Thirdly, the impact of recommendation algorithms on short video addiction should be considered. Issues such as gaming addiction and problematic use of social networking sites have been widely studied, but few scholars have explored the causes of addiction from a technological or device perspective. Short video addiction, as a newly emerging problem triggered by technology, is particularly relevant in this regard. It is well known that the development of algorithms has improved work efficiency in various industries and brought about new opportunities. However, while algorithms bring convenience to people, the risks and challenges they pose have also raised concerns in various fields. The recommendation algorithms of short video platforms are constantly evolving based on market feedback, and the specific parameters of the algorithms evolve based on changes in users’ personal information and usage behavior. The more users engage with short videos, the more the recommendation algorithm caters to their preferences, leading to deeper involvement ( Zhang and Liu, 2021 ). Unlike general social networking platforms, the key interaction in short video usage is not between users and their social networks, but between users and the so-called algorithm itself ( Bhandari and Bimo, 2020 ). This suggests that there may be a closed loop between short video usage and algorithm optimization, and if this effect continues, it may lead to more users becoming addicted and have a greater social impact. Therefore, simply treating the technological support behind short video services as a black box is not a long-term solution, as neglecting personalized algorithms in studying the impact of short videos on users may not truly address the core issue. Considering this, it is worth considering the “supply-side” perspective: if platforms blindly pursue rich user profiles and precise content recommendations, it will only lead to more users becoming addicted.

5.2 Practical measures

On the practical application level, short videos are a double-edged sword for users, especially minors. When directed toward correct, meaningful, and valuable content, short videos can provide knowledge and education. However, negative content in short videos can easily lead users, especially minors, to become addicted to shallow pleasures, which can harm their physical and mental health and even affect the formation of their correct values. It is evident that the problem of short video addiction is a complex social issue that requires the joint efforts of society. Therefore, we can clarify the obligations and responsibilities of relevant parties such as short video producers, platforms, and regulators in preventing short video addiction through legislation.
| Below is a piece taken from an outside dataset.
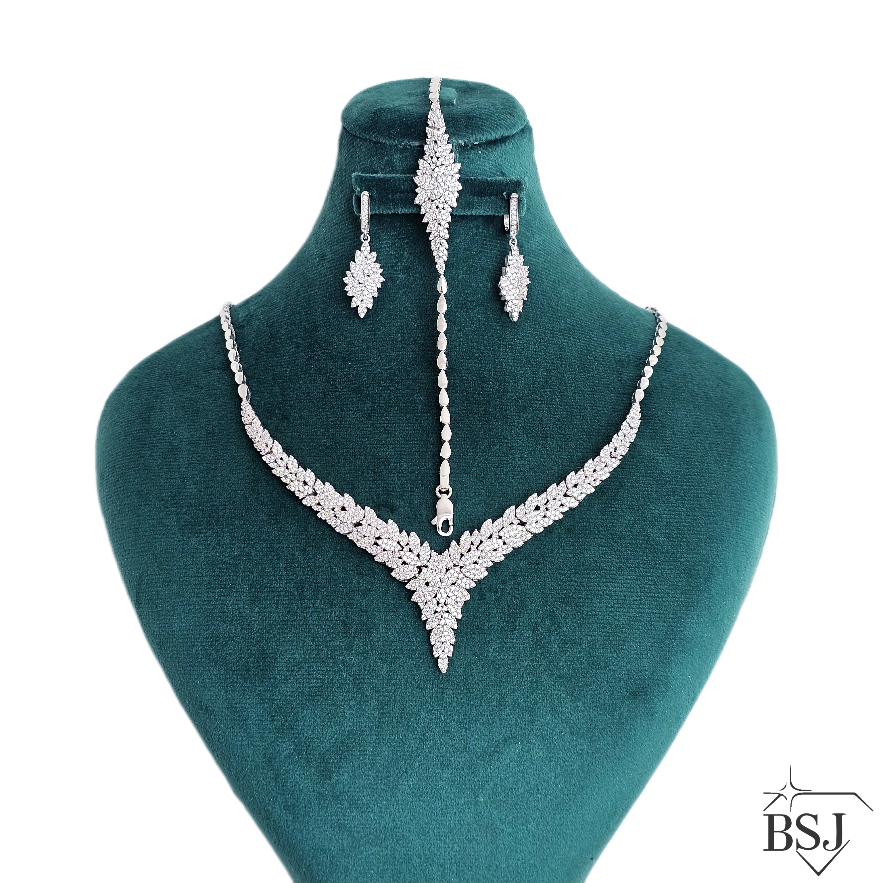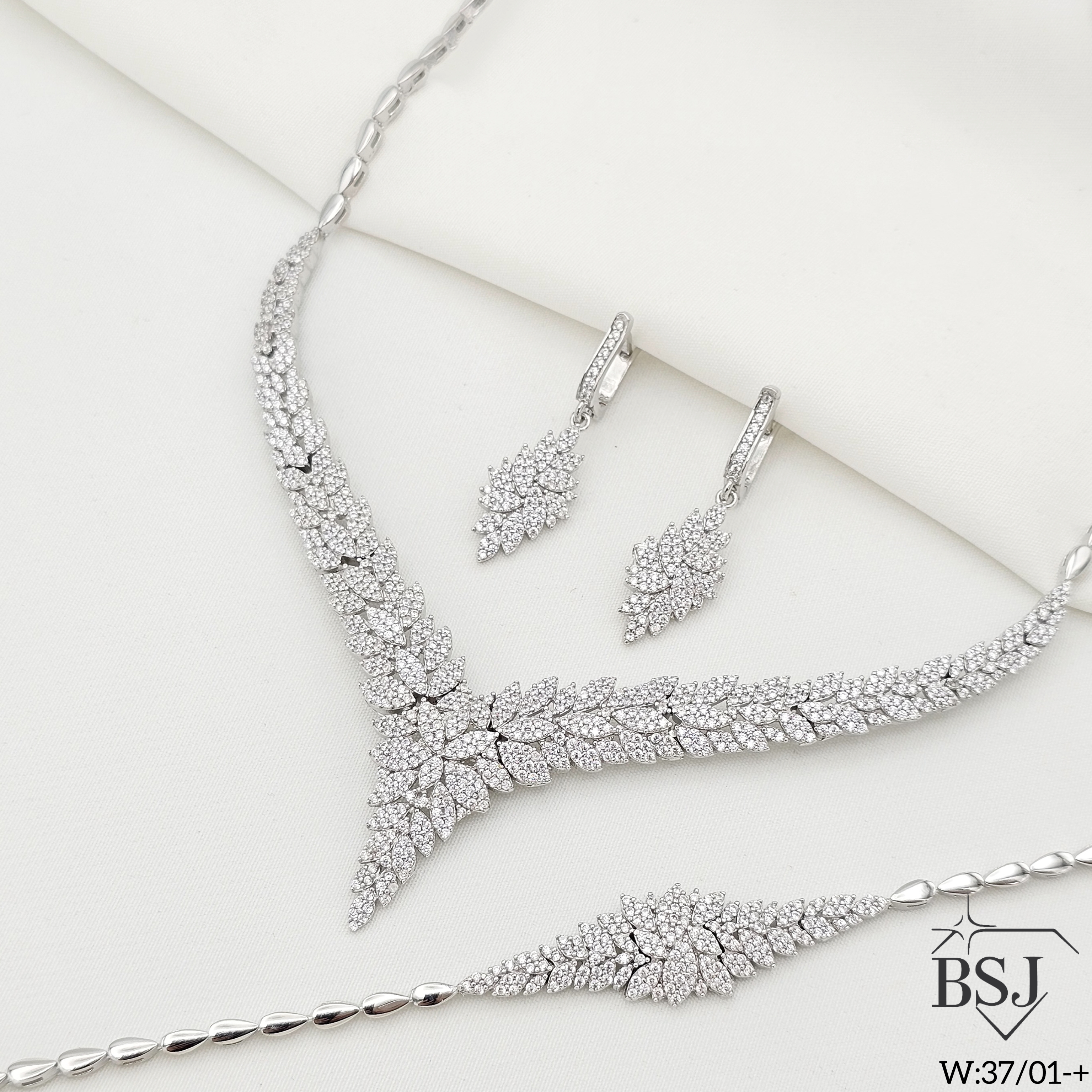 سرویس نقره جواهری زنانه BSJ_S628 از سرویس های اعیانی ساخته شده از نقره با عیار 925 می باشد.سنگ های به کار رفته در آن برلیان از جنس اتمی زیرکونیا می باشند که به صورت میکروستینگ مخراج کاری شده اند و در برابر ضربه مقاوم اند.آبکاری دو مرحله ای رودیوم (طلا سفید)، سبب کیفیت بی نظیر دوام رنگ آن شده است و به دلیل عدم استفاده از نیکل در ساختار آن، بدون حساسیت بوده و با پوست حساس سازگار است.به دلیل کیفیت فوق العاده و درخشش عالی سنگ ها، تفاوتی با نمونه طلا ندارد.وزن سرویس +- 37.01 گرم می باشد.

Firstly, from the perspective of short video producers, influencers are the backbone of maintaining the popularity of short video platforms. The “Douyin Research Report” shows that influencers who are similar to the respondents account for only 4.7% of the total number of platform users, but they have a staggering 97.7% of the total number of fans, and the top 2.7% of their videos attract more than 80% of the platform users’ attention and participation ( Douyin Research Report, 2018 ). In practice, influencers or other content creators often adhere to the rule of “traffic first.” While they may gain immediate benefits, in the long run, it can deplete their vitality. After experiencing explosive growth, short video platforms must inevitably face long-term production and consumption ( Peng, 2019 ). Attracting users relies on high-quality content. Therefore, as the source of content, short video producers should improve their own literacy, adhere to the principle of “content first,” and produce more high-quality short videos that guide users correctly, are rich in content, and provide educational and entertaining value.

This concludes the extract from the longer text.